Ah, good, it worked.  I was trying to spin a situation where the backstory
was all *there*, but wouldn't need to be referenced to understand a story
with the character(s).

>      My point here is that while both the events that removed the original 
> Iron Man and then returned him were complicated (involving mind control, 
> alternate timeline duplicates, and then artificial pocket dimensions being 
> used to reboot parts of history by juvenile reality manipulators) those 
> complications were ultimately a zero sum draw.  They performed demented 
> gymnastics with continuity so it ended up back where they started.  The 
> status quo was restored and if the reader doesn't want to worry about the 
> effects of that era (or for a newer audience, doesn't know about it in the 
> first place) then they can ignore it because the end result (if not the 
> process of getting to that result) had been abrogated in a self nullifying 
> continuity loop.

And note that Gold himself *intentionally* does this, by creating Manga Man
Black - a "purified" version who's Just A Villain (if one with plenty of
delicious characterization on his own; see Beige Countdown/Midnight for
lots of this).

>      Andrew's Golden Age Manga Man origin feels something like that to me.  
> It's a wonderfully baroque contrivance that doesn't actually affect the 
> first Manga Man, and indeed via time paradox actually derives from the 
> first Manga Man despite the fact that for the internal chronology of the 
> Looniverse the Golden Age Manga Man precedes him.  

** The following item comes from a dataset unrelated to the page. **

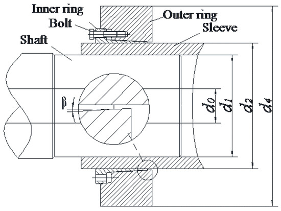 As an important connection of a wind turbine spindle and a gearbox between the planetary frames, the shrink disk of a wind turbine aims to transfer large torque and withstand complex changeable loads. The whole transmission chain of a wind turbine will fail in the event of failure of the shrink disk. Here, the multi-layer interference mainly consists of a shaft, a sleeve, an inner ring and an outer ring. The half conical angle of the mating surface between the inner ring and the outer ring is β = 3°, as shown in Figure 1. The mating surface between the inner ring and the sleeve and that between the sleeve and the shaft are part of the clearance fit before assembly. The interference fit is formed through tightening the bolts, and the movement of the outer ring to inner ring along axial direction generates radial contact pressure. The continuing pressure of the inner ring shrinks the internal diameter of the sleeve; ultimately, the clearance of the mating surface between the shaft and the sleeve is eliminated and the interference fit is finally formed.

Yes!  I have beaten the Post-Crisis Superman problem! (Well, *one* of the
Post-Crisis Superman problems.  There are a few.)

> It's a story telling 
> tool that can be used to explain away any remaining unaccounted for Manga 
> Men that have appeared in this and previous _Just Imagine_ cascades.  And 
> maybe any in the future too, since it suddenly occurs to me that what I've 
> just described fits the story telling function of things like Dr Dooms Doombots.

...are there going to be more? @.@

Andrew "NO .SIG MAN" "Juan" Perron, thinks we've pretty much reached our
limit on Manga Man, sans sentai shenanigans.